● Work item:
Using the data below, output a verbatim copy of the lines between the one holding "Where is the" and the one holding "Jadwal Tes Ujian", inclusive, without any pictures.

Material provided START

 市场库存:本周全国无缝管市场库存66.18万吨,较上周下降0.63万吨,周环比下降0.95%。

Material provided END
Material provided START

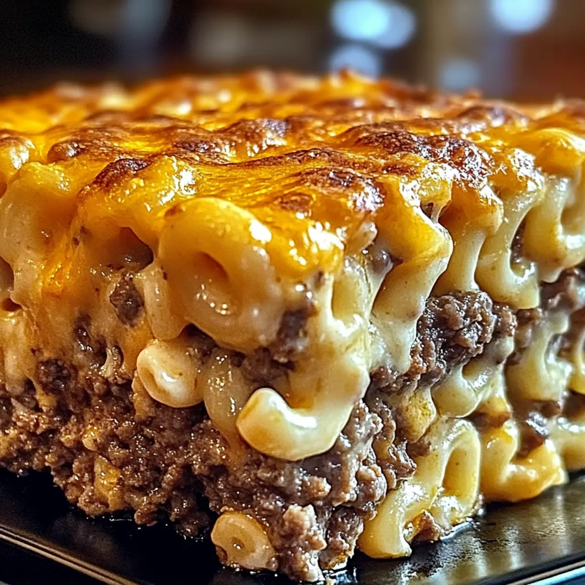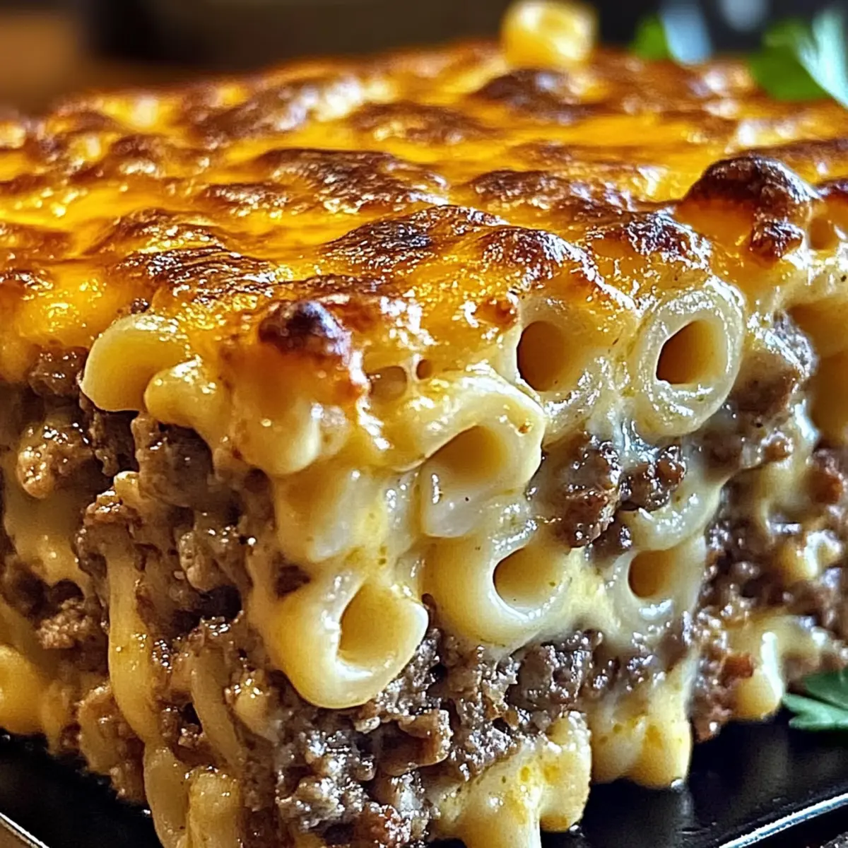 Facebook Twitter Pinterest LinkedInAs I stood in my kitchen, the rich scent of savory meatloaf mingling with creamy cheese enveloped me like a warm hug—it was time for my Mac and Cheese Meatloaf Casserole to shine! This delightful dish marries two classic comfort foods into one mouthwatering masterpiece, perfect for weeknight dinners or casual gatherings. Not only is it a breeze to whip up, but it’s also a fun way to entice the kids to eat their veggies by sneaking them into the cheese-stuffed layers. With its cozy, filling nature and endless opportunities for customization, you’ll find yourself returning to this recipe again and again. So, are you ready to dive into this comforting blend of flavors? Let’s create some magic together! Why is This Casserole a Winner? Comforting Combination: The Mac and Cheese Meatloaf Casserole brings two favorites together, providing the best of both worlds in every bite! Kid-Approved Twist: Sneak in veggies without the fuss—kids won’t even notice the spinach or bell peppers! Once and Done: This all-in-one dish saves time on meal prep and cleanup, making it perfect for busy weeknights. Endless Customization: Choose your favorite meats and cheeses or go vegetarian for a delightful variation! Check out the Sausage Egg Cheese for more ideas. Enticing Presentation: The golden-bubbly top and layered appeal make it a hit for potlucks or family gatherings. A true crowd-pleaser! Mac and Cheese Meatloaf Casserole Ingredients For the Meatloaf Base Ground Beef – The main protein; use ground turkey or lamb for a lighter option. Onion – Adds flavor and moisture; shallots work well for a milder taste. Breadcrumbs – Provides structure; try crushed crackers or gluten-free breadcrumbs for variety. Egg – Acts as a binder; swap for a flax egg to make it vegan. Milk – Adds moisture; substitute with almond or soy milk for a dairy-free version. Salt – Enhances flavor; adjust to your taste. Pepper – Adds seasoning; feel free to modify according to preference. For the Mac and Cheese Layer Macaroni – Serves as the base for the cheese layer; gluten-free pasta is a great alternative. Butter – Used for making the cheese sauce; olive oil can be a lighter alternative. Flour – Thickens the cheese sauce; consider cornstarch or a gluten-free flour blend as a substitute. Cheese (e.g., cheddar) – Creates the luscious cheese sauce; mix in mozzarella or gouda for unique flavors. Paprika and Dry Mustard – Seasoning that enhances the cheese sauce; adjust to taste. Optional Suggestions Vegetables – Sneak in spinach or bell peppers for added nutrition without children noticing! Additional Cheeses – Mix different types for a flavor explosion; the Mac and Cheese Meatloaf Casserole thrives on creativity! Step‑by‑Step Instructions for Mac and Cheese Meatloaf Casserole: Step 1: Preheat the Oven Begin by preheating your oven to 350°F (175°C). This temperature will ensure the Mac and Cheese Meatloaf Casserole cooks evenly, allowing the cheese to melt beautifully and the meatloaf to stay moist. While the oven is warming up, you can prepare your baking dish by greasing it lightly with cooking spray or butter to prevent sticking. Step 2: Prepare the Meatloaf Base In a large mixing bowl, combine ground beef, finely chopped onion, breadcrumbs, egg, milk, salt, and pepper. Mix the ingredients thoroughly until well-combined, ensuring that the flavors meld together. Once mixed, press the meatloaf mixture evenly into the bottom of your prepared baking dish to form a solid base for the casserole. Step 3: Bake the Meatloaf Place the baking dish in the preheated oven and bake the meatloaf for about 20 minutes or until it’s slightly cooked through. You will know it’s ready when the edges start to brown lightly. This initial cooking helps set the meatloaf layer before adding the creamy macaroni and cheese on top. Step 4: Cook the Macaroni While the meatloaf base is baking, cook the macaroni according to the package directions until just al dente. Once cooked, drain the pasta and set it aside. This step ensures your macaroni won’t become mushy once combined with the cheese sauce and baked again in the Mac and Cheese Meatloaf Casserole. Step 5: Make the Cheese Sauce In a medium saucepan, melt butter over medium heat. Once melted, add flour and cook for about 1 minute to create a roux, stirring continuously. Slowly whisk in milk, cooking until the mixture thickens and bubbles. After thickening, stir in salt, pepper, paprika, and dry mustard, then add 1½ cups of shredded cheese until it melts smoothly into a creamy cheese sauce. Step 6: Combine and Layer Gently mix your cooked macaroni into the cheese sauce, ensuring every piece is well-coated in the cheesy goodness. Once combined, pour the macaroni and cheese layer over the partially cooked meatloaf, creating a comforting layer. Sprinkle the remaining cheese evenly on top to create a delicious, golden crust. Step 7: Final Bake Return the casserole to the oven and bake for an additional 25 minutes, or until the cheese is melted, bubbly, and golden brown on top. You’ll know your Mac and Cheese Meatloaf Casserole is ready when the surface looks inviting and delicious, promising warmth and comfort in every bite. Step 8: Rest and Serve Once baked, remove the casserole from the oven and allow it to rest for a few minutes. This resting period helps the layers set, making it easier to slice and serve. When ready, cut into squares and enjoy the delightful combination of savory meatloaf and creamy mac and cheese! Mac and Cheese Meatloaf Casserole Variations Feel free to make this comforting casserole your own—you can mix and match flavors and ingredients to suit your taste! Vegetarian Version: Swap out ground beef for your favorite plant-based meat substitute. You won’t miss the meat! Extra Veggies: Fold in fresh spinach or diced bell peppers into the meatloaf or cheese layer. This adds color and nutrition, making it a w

Material provided END
Material provided START

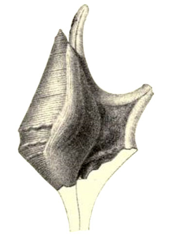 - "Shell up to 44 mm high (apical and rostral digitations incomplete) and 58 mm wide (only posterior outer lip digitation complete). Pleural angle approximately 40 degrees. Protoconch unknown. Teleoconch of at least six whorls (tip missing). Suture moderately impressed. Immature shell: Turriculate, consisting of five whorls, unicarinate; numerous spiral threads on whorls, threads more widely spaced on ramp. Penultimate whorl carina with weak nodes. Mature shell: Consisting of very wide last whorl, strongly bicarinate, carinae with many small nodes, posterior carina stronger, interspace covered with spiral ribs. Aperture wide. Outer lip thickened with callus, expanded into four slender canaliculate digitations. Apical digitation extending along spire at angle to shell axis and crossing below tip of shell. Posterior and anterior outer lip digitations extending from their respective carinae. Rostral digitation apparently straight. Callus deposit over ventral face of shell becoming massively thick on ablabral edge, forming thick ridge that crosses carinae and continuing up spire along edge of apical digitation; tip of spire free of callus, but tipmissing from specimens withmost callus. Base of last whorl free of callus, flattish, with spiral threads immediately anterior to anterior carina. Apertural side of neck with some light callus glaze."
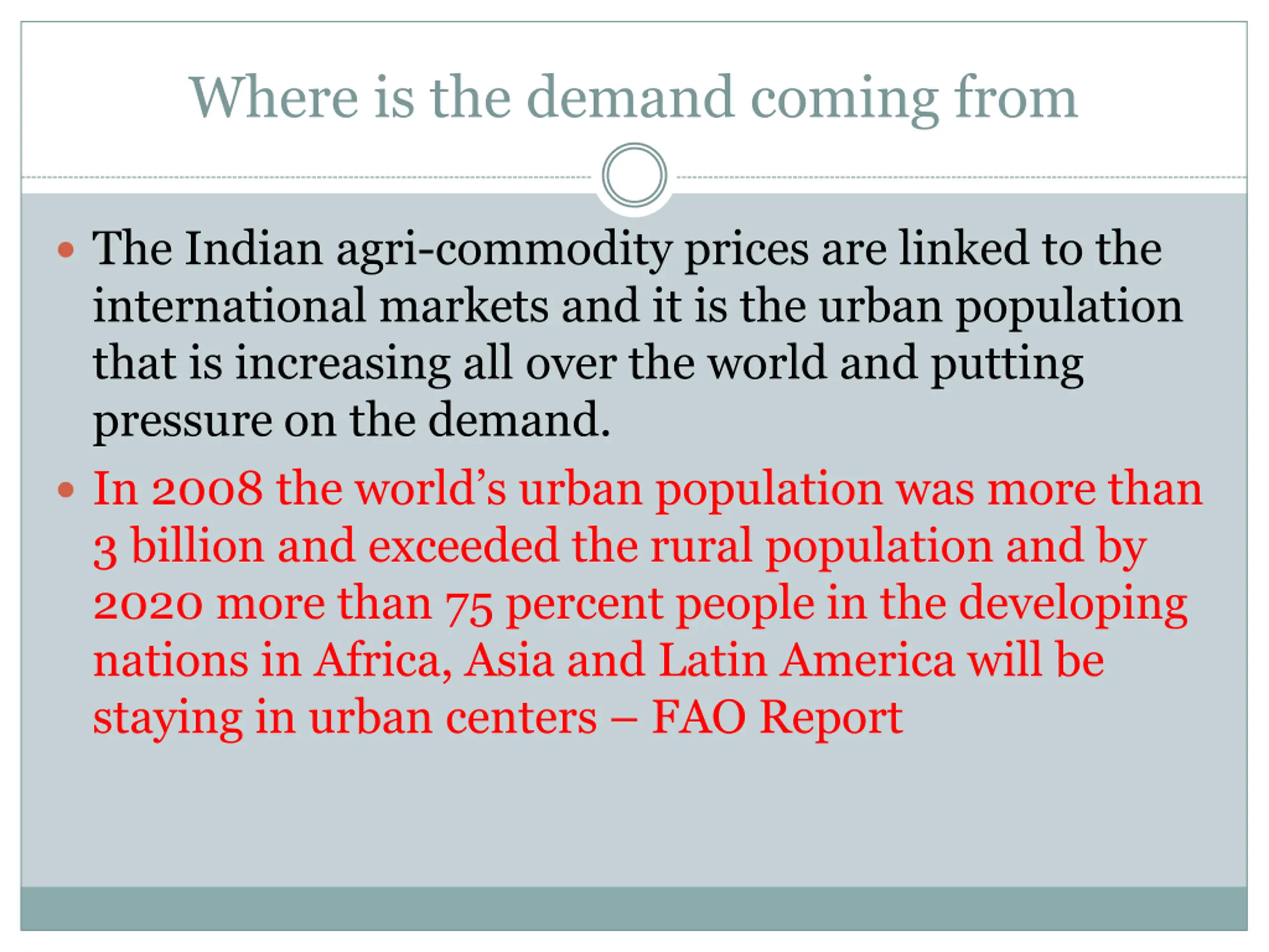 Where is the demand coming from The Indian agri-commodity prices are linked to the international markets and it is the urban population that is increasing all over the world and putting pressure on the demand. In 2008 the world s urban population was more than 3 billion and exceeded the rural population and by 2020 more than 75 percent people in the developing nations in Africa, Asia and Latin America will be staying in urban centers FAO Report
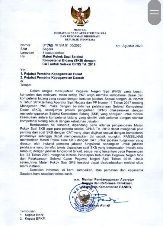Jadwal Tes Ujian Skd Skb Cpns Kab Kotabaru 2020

Material provided END

● Answer space:
 Where is the demand coming from The Indian agri-commodity prices are linked to the international markets and it is the urban population that is increasing all over the world and putting pressure on the demand. In 2008 the world s urban population was more than 3 billion and exceeded the rural population and by 2020 more than 75 percent people in the developing nations in Africa, Asia and Latin America will be staying in urban centers FAO Report
Jadwal Tes Ujian Skd Skb Cpns Kab Kotabaru 2020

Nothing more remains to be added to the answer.